Wednesday, August 31, 2011

Exodus 3:7-10 Tag...You're It

"The Lord said, 'I have indeed seen the misery of my people in Egypt.
I have heard them crying out because of their slave drivers
and I am concerned about their suffering.

So I have come down to rescue them from the hand of the Egyptians
and to bring them bring them up out of that land into a good and spacious land,
a land flowing with milk and honey --
the home of the Canaanites, Hittites, Amorites, Perizzites, Hivites and Jebusites.
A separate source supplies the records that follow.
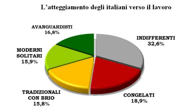 Dallindagine esce un'Italia divisa in cinque tipi, proprio rispetto al tipo di lavoro - orario, posto, modalità, competenze, retribuzione ecc. fisse o meno - che a loro piace e confà. Metà ancora ancorata al lavoro vecchio stampo dove tutto è fisso e dove si pensa il posto sia garantito quasi per legge, sono quegli italiani che rispetto al lavoro abbiamo chiamato Indifferenti (32,6%) e Congelati (18,9%). Poi ci sono quelli con un piede nella tradizione e uno nella modernità che definiamo Tradizionali con brio (15,8%).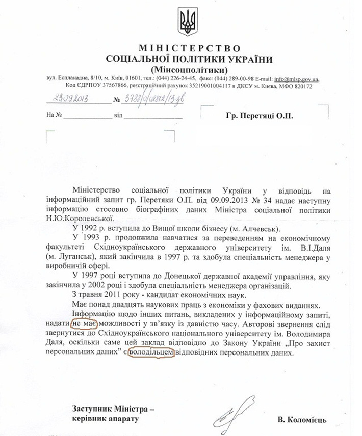 Заинтересовавшись этими вопросами, мы обратились к администрации луганского ВУЗа с журналистским запросом и просьбой ознакомиться с личным делом студентки – нынешним министром. 19.03.2013 г. первый проректор университета М.Ф. Смирный ответил отказом в информации журналисту, сославшись на то, что «обработка и передача персональных данных относительно Королевской Н.Ю. возможна лишь при ее согласии».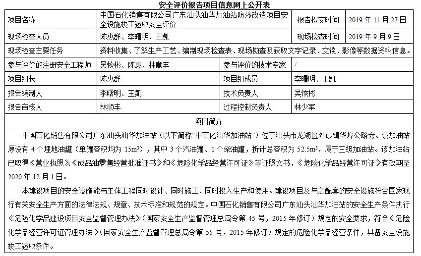 中国石化销售有限公司广东汕头汕华加油站防渗改造项目安全设施竣工验收安全评价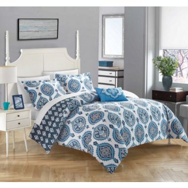 Chic Home Cedar 4 Pieces Duvet Cover Set Cotton Zipper Closure Pillow Shams King 106 X 92 Blue Bed Bath Beyond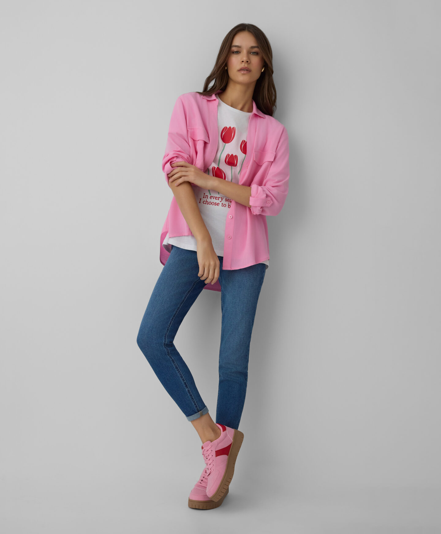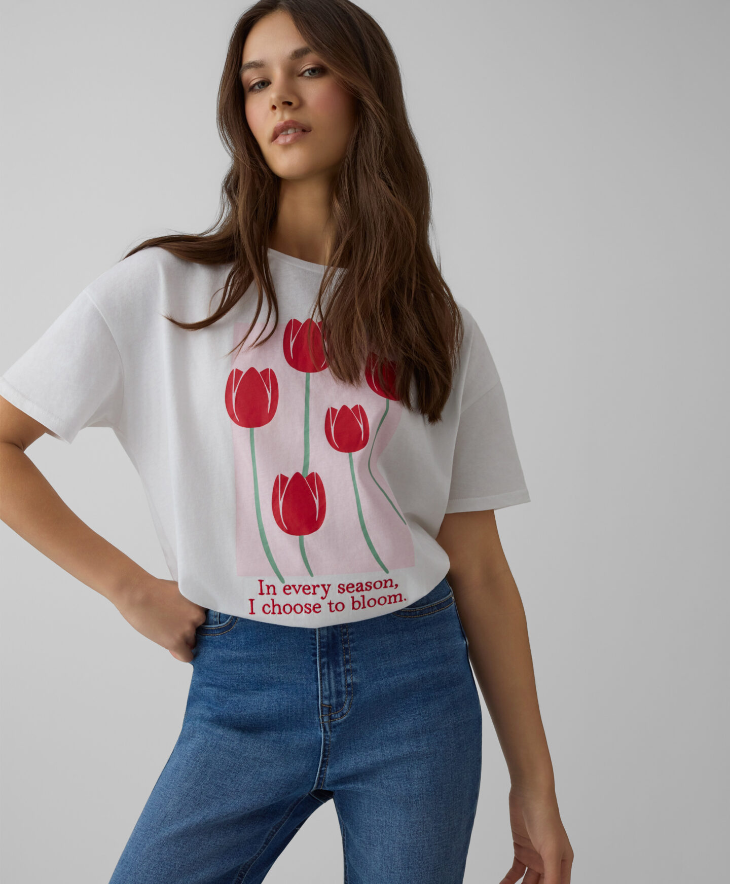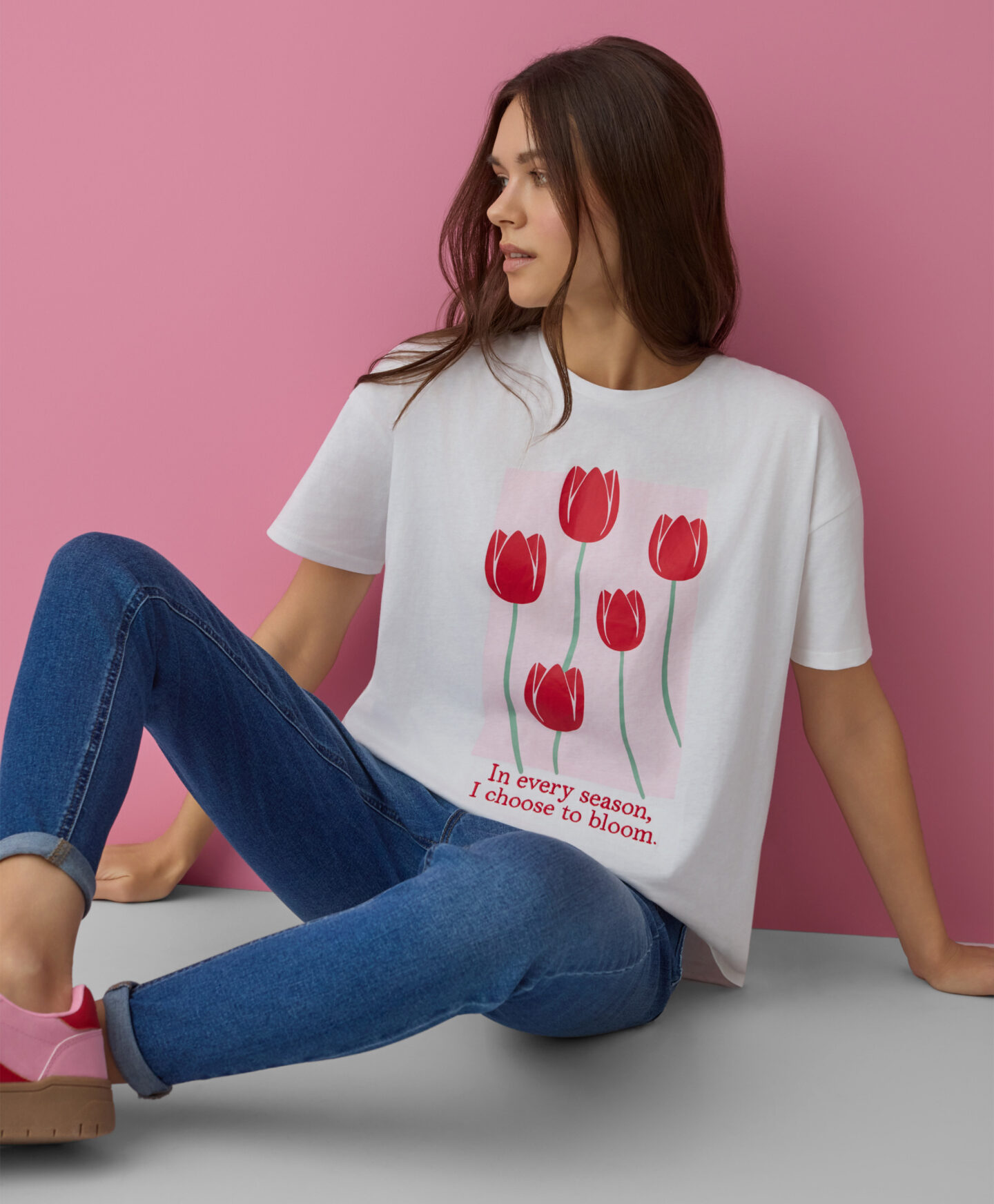 Tricoul pentru femei cu imprimeu floral, cu mânecă scurtă, este ideal pentru ținutele de zi cu zi. Materialul respirabil oferă confort, iar imprimeul floral din față adaugă prospețime și un aer feminin.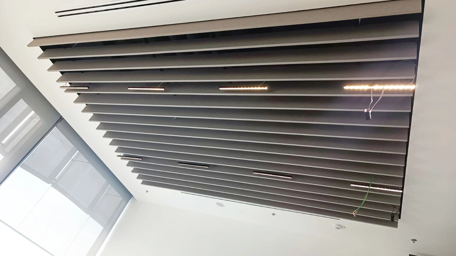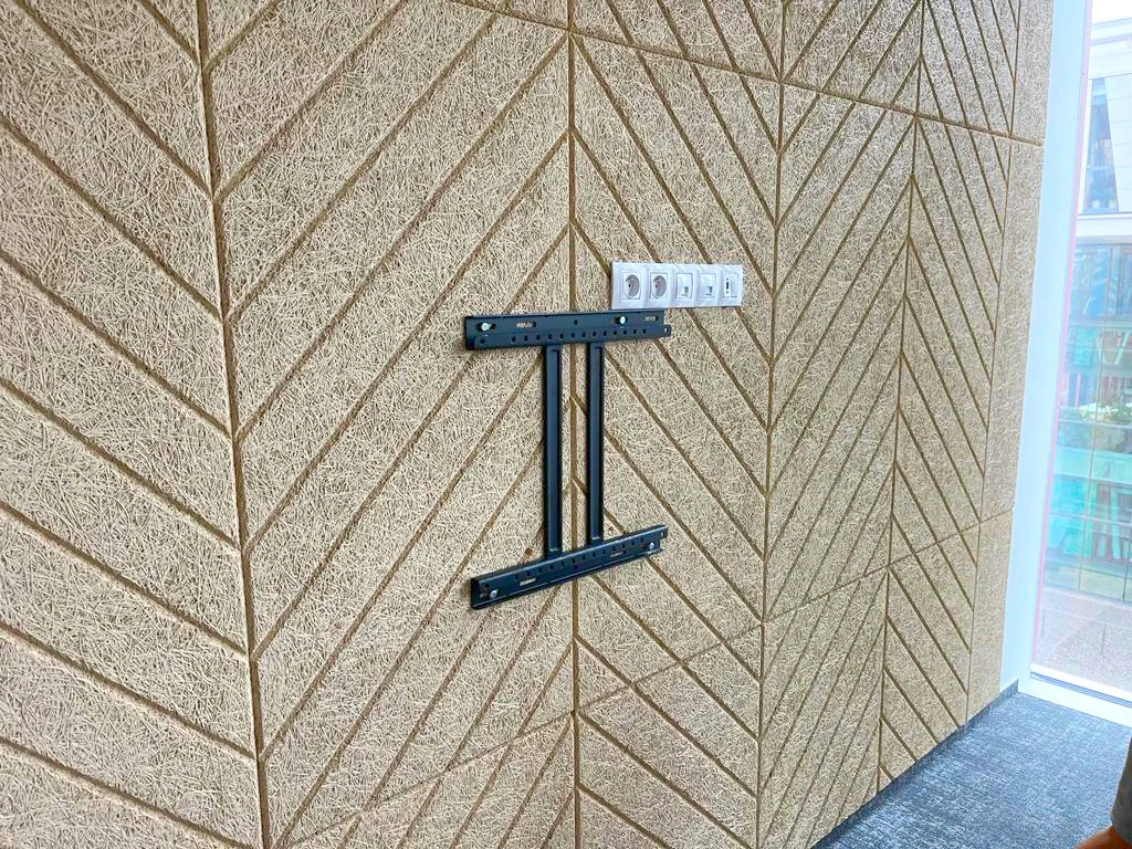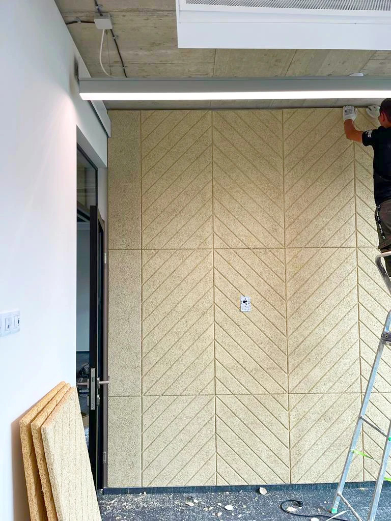 Výsledkom je stena, ktorá nielen tlmí zvuk a eliminuje ozvenu, ale zároveň pôsobí prirodzene a esteticky. Kombinácia prírodného tónu panelov, čiernych prvkov a presklených plôch vytvára harmonické pracovné prostredie.
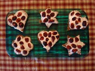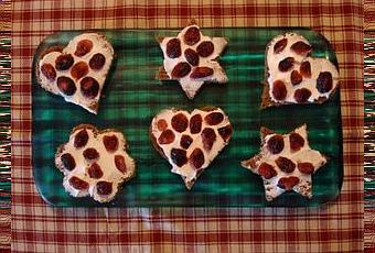 Partager les tranches de pain. Découper des formes avec des emporte pièces. Tartiner de suite avec du chèvre frais. Poser sur un plateau puis décorer avec les canneberges.
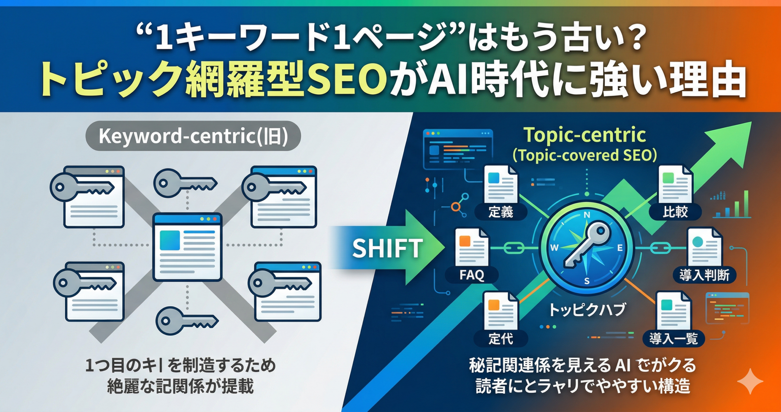 結論として、“1キーワード1ページ”の発想だけに頼るより、主題ごとに答えを整理したトピック網羅型の方が、AI時代の運用にはなじみやすくなりやすいです。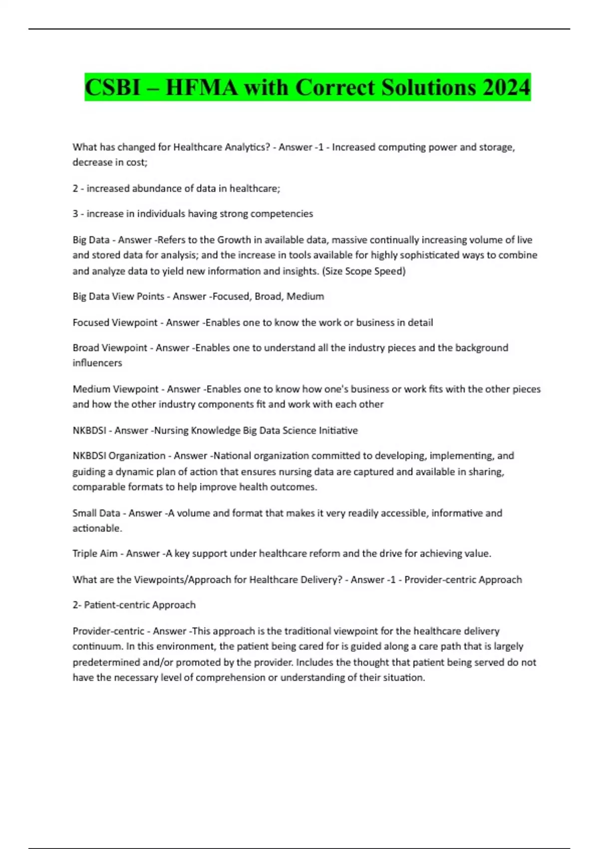 CSBI – HFMA with Correct Solutions 2024 What has changed for Healthcare Analytics? - Answer -1 - Increased computing power and storage, decrease in cost; 2 - increased abundance of data in healthcare; 3 - increase in individuals having strong competencies Big Data - Answer -Refers to the Growth in available data, massive continually increasing volume of live and stored data for analysis; and the increase in tools available for highly sophisticated ways to combine and analyze data to yield new information and insights. (Size Scope Speed) Big Data View Points - Answer -Focused, Broad, Medium Focused Viewpoint - Answer -Enables one to know the work or business in detail Broad Viewpoint - Answer -Enables one to understand all the industry pieces and the background influencers Medium Viewpoint - Answer -Enables one to know how one's business or work fits with the other pieces and how the other industry components fit and work with each other NKBDSI - Answer -Nursing Knowledge Big Data Science Initiative NKBDSI Organization - Answer -National organization committed to developing, implementing, and guiding a dynamic plan of action that ensures nursing data are captured and available in sharing, comparable formats to help improve health outcomes. Small Data - Answer -A volume and format that makes it very readily accessible, informative and actionable. Triple Aim - Answer -A key support under healthcare reform and the drive for achieving value. What are the Viewpoints/Approach for Healthcare Delivery? - Answer -1 - Provider-centric Approach 2- Patient-centric Approach Provider-centric - Answer -This approach is the traditional viewpoint for the healthcare delivery continuum. In this environment, the patient being cared for is guided along a care path that is largely predetermined and/or promoted by the provider. Includes the thought that patient being served do not have the necessary level of comprehension or understanding of their situation.Patient-centric - Answer -The healthcare industry is shifting towards this approach. Based on the patient's condition and prospects for improvement, services are rendered in relation to the situation, as opposed to only considering how an individual progress through a series of facilities. HIPAA Act - Answer -Health Insurance Portability and Accountability Act HITECH Act - Answer -Health Information Technology Economic and Clinical Healt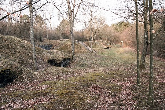 Im Festungsbereich Verdun gab es bis zum Ausbruch des 1. Weltkrieges 116 Batterien mit insgesamt 384 Geschützen. Nicht nur die Festungen, sondern auch zwischen den Forts waren Batterien aufgestellt. In offenen Stellungen - jedoch von Erdwällen umgeben - standen die Geschütze auf massiven Plattformen. Für die Bedienungsmannschaften gab es 9,60m lange und 1,50 m breite betonierte Stollen. Als Befehlsstelle diente ein geräumiger Kommandobunker.

And now the cry of the Israelites has reached me, 
and I have seen the way the Egyptians are oppressing them.

So now, go.
I am sending you to Pharaoh to bring my people the Israelites out of Egypt.' "

Exodus 3:7-10 (NIV)

One of the first things which impressed me when I read this passage was that God was intimately connected with His people.  He heard their cries of pain and their cries for help, and was concerned about their suffering.  Sometimes in the midst of a difficult situation, we may wonder if God hears or cares.  This passage assures us that He does.

Another thing which I noticed is that the Lord's response is both to rescue the Israelites from their oppressors and to bring them into the land which He had long ago promised to Abraham.  God is not only going to bring them out of Egypt, but He also has a destination for them.

God acknowledges that this land which He will bring them to is already the home of other people groups:  Canaanites, Hittites, Amorites, Perizzites, Hivites and Jebusites are living in Canaan.  Wondering if this was fair to those inhabitants?  Of course, God, who created the earth, obviously has the right to distribute living space as He sees fit.  However, God has been extremely fair and patient with these inhabitants of Canaan.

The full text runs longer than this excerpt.